– What is Stamp Duty?
– The History of Stamp Duty in the UK
– Changes introduced in the Autumn Budget
– Rates from 1 April 2025 = For a single residential property
– Example for a single residential property
– Higher rates for additional properties
– Rates from 1 April 2025 = For additional properties
– Example for additional properties
– Conclusion
What is Stamp Duty?
Stamp Duty is a tax you might have to pay when buying a property or a piece of land in England or Northern Ireland. This tax applies to both freehold and leasehold properties. It also applies whether you’re buying outright or with a mortgage.
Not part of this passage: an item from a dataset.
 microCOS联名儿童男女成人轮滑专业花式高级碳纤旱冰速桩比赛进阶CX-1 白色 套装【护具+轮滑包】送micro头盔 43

If you’re buying a property in Scotland, you’ll pay ‘Land and Buildings Transaction Tax’ instead of Stamp Duty. Whereas if you’re buying a property in Wales, you’ll pay Land Transaction Tax.
The History of Stamp Duty in the UK
Stamp duty in the UK dates back to 1694, when it was introduced under King William III to raise funds for war against France. Initially, it applied to legal documents, newspapers, and various financial transactions.
Key Developments:
- 18th-19th Century: Stamp duty expanded to cover more items, including playing cards, insurance policies, and property transactions.
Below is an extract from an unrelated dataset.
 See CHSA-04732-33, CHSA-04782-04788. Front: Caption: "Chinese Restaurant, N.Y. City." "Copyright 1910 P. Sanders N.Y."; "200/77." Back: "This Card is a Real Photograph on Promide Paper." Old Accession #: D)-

- 1853: A specific duty on property sales was introduced.
- 20th Century: Stamp duty became a significant tax on land and property transactions.
- 1997: A tiered structure was introduced, meaning higher property values attracted higher tax rates.
- 2003: Stamp Duty Land Tax (SDLT) replaced traditional stamp duty, modernising the tax system.
- 2014: The slab system was replaced with a progressive tax system for residential properties.
- 2016: A 3% surcharge was introduced for additional properties (e.g., second homes and buy-to-let).
- 2020-2021: Temporary Stamp Duty Holiday was introduced during the COVID-19 pandemic to boost the property market.
Stamp duty remains a key source of government revenue and continues to evolve with changes in policy and housing market conditions.
Changes introduced in the Autumn Budget
Changes introduced in the Autumn Budget included the measure to increase the higher rates of Stamp Duty Land Tax (SDLT) on purchases of additional residential properties by individuals and purchases of residential properties by companies from 3 to 5 percentage points above the standard residential rates of SDLT.
The measure also increases the single rate of SDLT payable by companies and other non-natural persons when purchasing residential properties worth more than £500,000, from 15% to 17%.
Rates for single residential property ownership are changing as well.
Rates from 1 April 2025 = For a single residential property
Property or lease premium or transfer value | SDLT rate |
Up to £125,000 (Changing from Up to £250,000) | Zero |
The next £125,000 (the portion from £125,001 to £250,000) | 2% (Changing from 0%) |
The next £675,000 (the portion from £250,001 to £925,000) | 5% |
The next £575,000 (the portion from £925,001 to £1.5 million) | 10% |
The remaining amount (the portion above £1.5 million) | 12% |
Example for a single residential property
In October 2024 you buy a house for £350,000. The SDLT you owe will be calculated as follows:
- 0% on the first £250,000 = £0
- 5% on the final £100,000 = £5,000
- total SDLT = £5,000
Whereas in April 2025 you buy a house for £350,000, the SDLT you owe will total £7,500 (this is £2,500 more for the same property.)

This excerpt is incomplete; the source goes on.